ARCHITECTURAL REVIEW
23 January, 2011
Stefanos Polyzoides plans to make cities more livable
The architect and his wife, Elizabeth Moule, are among the founders of the New Urbanism movement, a reaction against urban sprawl as well as the so-called urban renewal movement of the 1960s.
By Sharon Bernstein, Los Angeles Times
Stefanos Polyzoides at his Pasadena office. The architect and his wife, Elizabeth Moule, are among the founders of the New Urbanism movement.
(Allen J. Schaben, Los Angeles Times / January 23, 2011)

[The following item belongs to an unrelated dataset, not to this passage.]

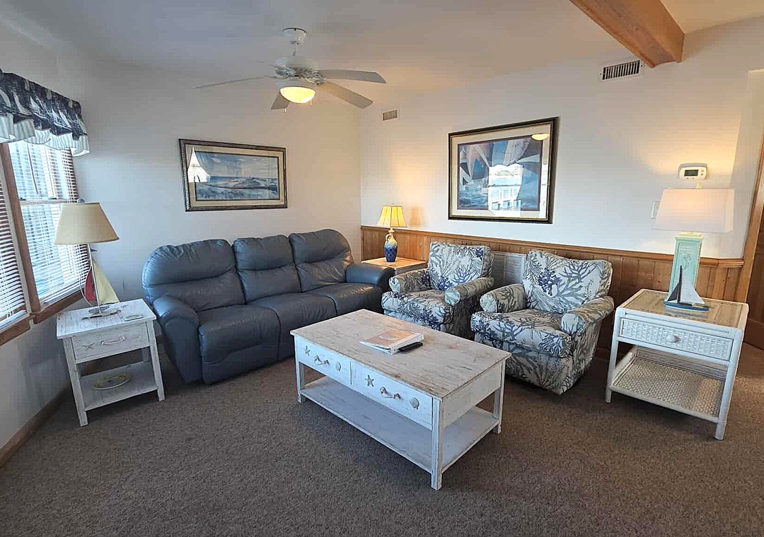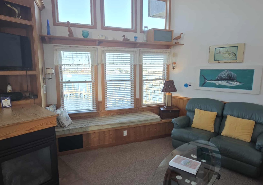 This waterfront two bedroom plus a loft, three full bath Villa is our most often requested! Sitting right on Silver Lake with breathtaking harbor views from the deck, screened porch, and interior. The Net House offers two spacious living and dining areas on separate levels an upper-level full kitchen with dishwasher and ice machine, lower level kitchenette, washer/dryer, wireless internet access, and four TVs. Please note the fireplace is not available for guest use.

The gig: Architect Stefanos Polyzoides is a godfather of the hugely influential movement in architecture and urban planning known as the New Urbanism. All those suburbs that decided to put in little downtowns and walkable areas? The whole loft thing? Infill development that puts condos in empty lots instead of sprawl out in the exurbs? Credit Polyzoides, his wife, Elizabeth Moule, and a small group of colleagues for co-founding the influential movement - and Polyzoides for giving it a name. Today the couple speak and write widely on the topic. They also run a thriving Pasadena architectural firm responsible for such diverse projects as the Del Mar station in Pasadena built over the Gold Line tracks and the civic plan for downtown Los Angeles.

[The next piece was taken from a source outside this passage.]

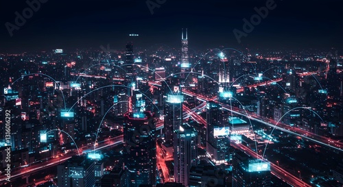 © daffagladius, Fototapeta premium Smart City Cloud Concept AI Robot Data, Line Connection technology Science Concept.

The reason: Polyzoides, who was born in Greece, watched with sadness as development trampled beautiful old buildings in his beloved Athens when he was a child. "I grew up watching the city of Athens being absolutely destroyed through redevelopment," Polyzoides said, "from a beautiful city to an absolute jungle." Moving to Los Angeles as a young man solidified the impulse: Here was a city of lovely little neighborhoods that was letting itself decay or be paved over, even as its suburbs were sprawling for more than 100 miles.
Getting started: Fleeing political violence in Greece in the 1960s, Polyzoides came to the U.S. to study engineering. But at Princeton he found himself in the middle of a bubbling cauldron of ideas about cities. "I got a scholarship to study in Princeton and landed among a most remarkable number of great teachers," he said, including such architects and scholars as Michael Graves and Kenneth Frampton. He earned undergraduate and graduate degrees in architecture at Princeton, and then taught there and at USC while also establishing an architectural practice. He and Moule married in 1988 and became business partners two years later.

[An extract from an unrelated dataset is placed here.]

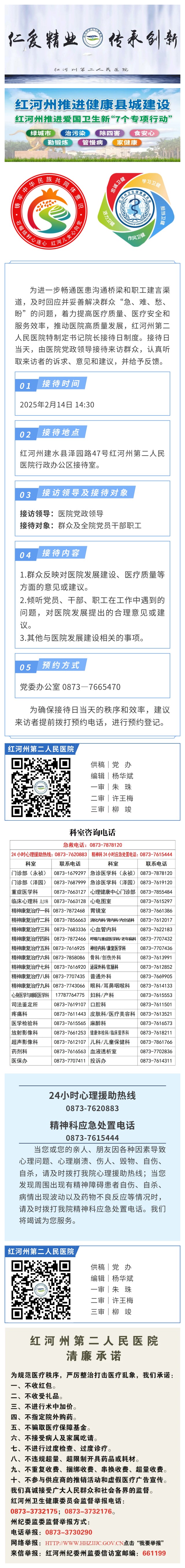 【书记院长接待日】红河州第二人民医院2025年2月书记院长接待日通告

No McMansions: Polyzoides believes that architecture should not just be about who can design the fanciest or wildest-looking building. If human beings have the obligation to leave the world a better place than they found it, designing the buildings and communities in which we live can play a huge part. "Architecture is not an aloof and isolated subject," he said. "It belongs to a very time-honored human enterprise of building cities and coming to grips with nature. If you see architecture that way, it is never isolated. It is never insulated. It is never a subject by itself."
New Urbanism: The Congress for the New Urbanism, an organization with about 3,100 members, was the first to articulate many of the ideas that now pervade planning in many cities. Started by Polyzoides, Moule and four colleagues in 1993, it was a reaction against urban sprawl as well as the so-called urban renewal movement of the 1960s, which had led to the bulldozing of historic neighborhoods such as Los Angeles' Bunker Hill.
Projects: Polyzoides and Moule are working on a new plan for downtown Fresno, along with a plan for 7,000 acres of neighborhoods around the downtown area. They're doing another plan for the portion of East Los Angeles that is under the jurisdiction of L.A. County. They're also designing a new residence hall for Scripps College in Claremont.
Pet peeve: The wholesale destruction of older communities in China, as that country's economic development continues to explode. "I'm scandalized at the way the Chinese are throwing away their roots," he said.
Love and work: One fuels the other, Polyzoides said. The 64-year-old lives with Moule and their three children in Pasadena, where they reside on the grounds of one national monument, the Hale Solar Observatory, and work in another, an office designed and formerly used by famed architect Wallace Neff. "It is very unusual to be married to a brilliant person who is on the same journey with you," he said. "To be able to share not only your personal life but your professional life - it's a remarkable thing. I couldn't be half of who I am without this personal relationship."